Once there is a positive number of bytes stored in n_bytes — that is, we have pulled data from our input gzip archive that needs to be processed with gunzip — this triggers a condition that permits the second thread consume_gzip_chunk_thread to operate:

void * consume_gzip_chunk(void *t_data)
{
#ifdef DEBUG
    fprintf(stderr, "Debug: Entering --> consume_gzip_chunk()\n");
#endif

    pthread_data_t *d = (pthread_data_t *)t_data;
    long n_in_bytes_written_to_gunzip;

    pthread_mutex_lock(&d->in_lock);
    while(kTrue) {
        while (d->n_in_bytes == 0 && !d->in_eof)
            pthread_cond_wait(&d->in_cond, &d->in_lock);
        if (d->n_in_bytes) {
#ifdef DEBUG
            fprintf(stderr, "Debug: ........ [%07zu] processing chunk\n", d->n_in_bytes);
#endif
            if (!d->gunzip_ptr) {
#ifdef DEBUG
                fprintf(stderr, "Debug: * setting up gunzip ptr\n");
#endif
                d->gunzip_ptr = malloc(sizeof(popen3_desc_t));
                if (!d->gunzip_ptr) {
                    fprintf(stderr, "Error: Could not create gunzip file handle struct\n");
                    exit(EXIT_FAILURE);
                }

                popen3("gunzip -c -", 
                       &(d->gunzip_ptr->in), 
                       &(d->gunzip_ptr->out), 
                       &(d->gunzip_ptr->err), 
                       kTrue, 
                       kTrue);
                memset(d->in_line, 0, LINE_LENGTH_VALUE);
            }
            n_in_bytes_written_to_gunzip = (long) write(d->gunzip_ptr->in, d->in_buf, d->n_in_bytes);
#ifdef DEBUG
            fprintf(stderr, "Debug: ................ wrote [%07ld] bytes into the gunzip process\n", n_in_bytes_written_to_gunzip);
#endif
            if (n_in_bytes_written_to_gunzip > 0)
                d->n_in_bytes_written_to_gunzip = n_in_bytes_written_to_gunzip;

            d->n_in_bytes = 0;
            pthread_cond_signal(&d->out_cond);
        }
        if (d->in_eof) 
            break;
    } 
    pthread_mutex_unlock(&d->in_lock);

#ifdef DEBUG
    fprintf(stderr, "Debug: Leaving  --> consume_gzip_chunk()\n");
#endif
    return NULL;
}

When consuming the gzip data chunk, we use the write function to send n_bytes of in_buf to the gunzip process's input file descriptor.
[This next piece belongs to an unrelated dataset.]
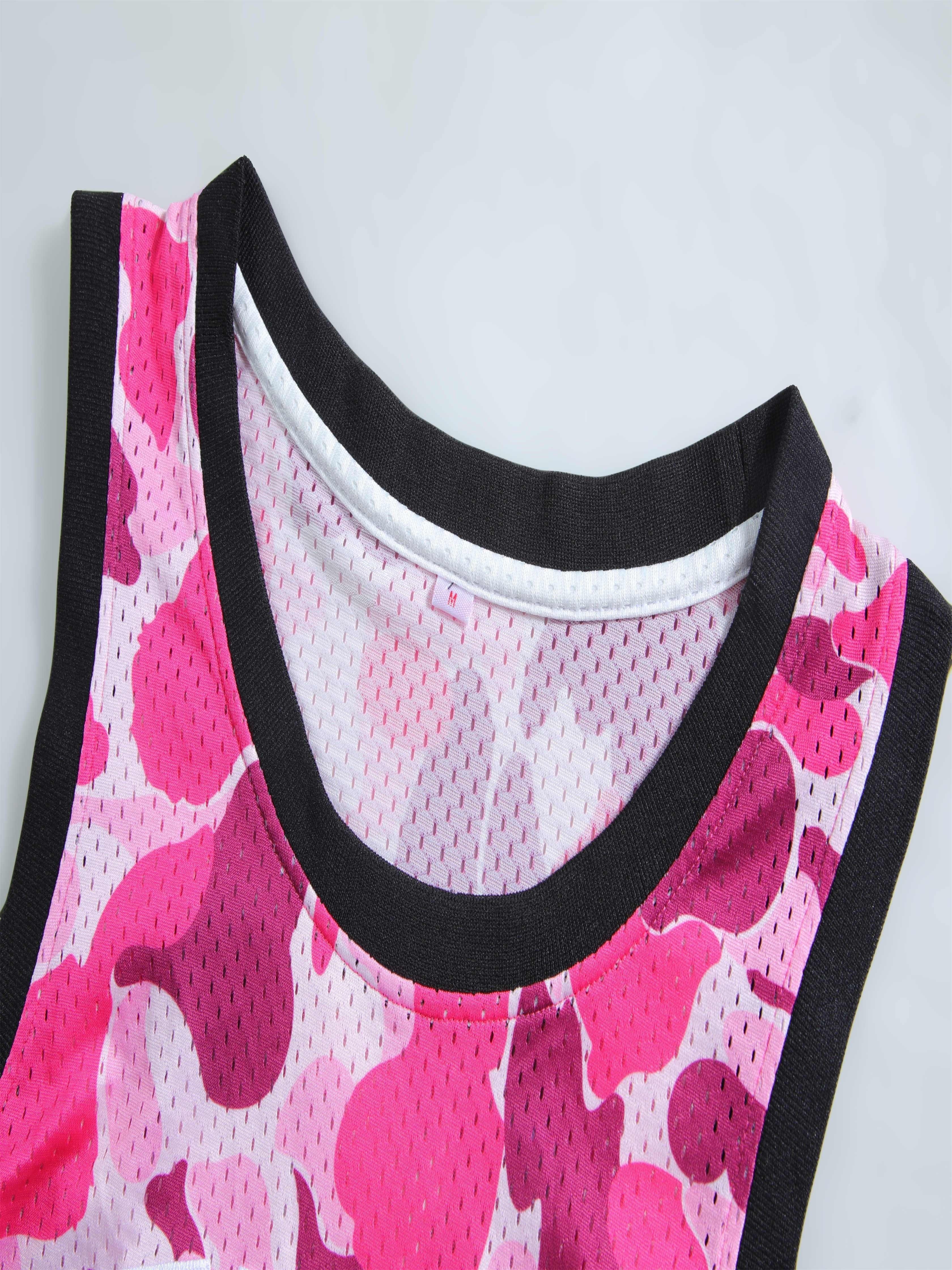 Men's #14 Retro 90s Hip-Hop Basketball Jersey - Pink & White Camo Design,

At the end, we send another thread signal, but this time to out_cond, so as to help reawaken consume_gunzip_chunk_thread, which reads from gunzip's output to do more work:

void * consume_gunzip_chunk(void *t_data)
{
#ifdef DEBUG
    fprintf(stderr, "Debug: Entering --> consume_gunzip_chunk()\n");
#endif

    pthread_data_t *d = (pthread_data_t *)t_data;
    long n_out_bytes_read_from_gunzip;

    pthread_mutex_lock(&d->in_lock);
    while(kTrue) {
        while (d->n_in_bytes_written_to_gunzip == 0) {
            pthread_cond_wait(&d->out_cond, &d->in_lock);
        }
        if (d->n_in_bytes_written_to_gunzip) {
            sleep(1);
            n_out_bytes_read_from_gunzip = read(d->gunzip_ptr->out, d->in_line, LINE_LENGTH_VALUE);
#ifdef DEBUG
            fprintf(stderr, "Debug: ------------------------ read [%07ld] bytes out from the gunzip process\n", n_out_bytes_read_from_gunzip);
            fprintf(stderr, "Debug: ------------------------ gunzip output chunk:\n[%s]\n", d->in_line);
#endif
            memset(d->in_line, 0, strlen(d->in_line));
            if (n_out_bytes_read_from_gunzip > 0)
                d->n_out_bytes_read_from_gunzip = n_out_bytes_read_from_gunzip;
            d->n_in_bytes_written_to_gunzip = 0;
            pthread_cond_signal(&d->in_cond);
        }
        if (d->in_eof && (d->n_in_bytes_written_to_gunzip == 0))
            break;
    }
    pthread_mutex_unlock(&d->in_lock);

#ifdef DEBUG
    fprintf(stderr, "Debug: Leaving  --> consume_gunzip_chunk()\n");
#endif
    return NULL;
}

This attempts to read any available bytes from the gunzip process's output file descriptor. For debugging purposes, I just want to print them to stderr for now.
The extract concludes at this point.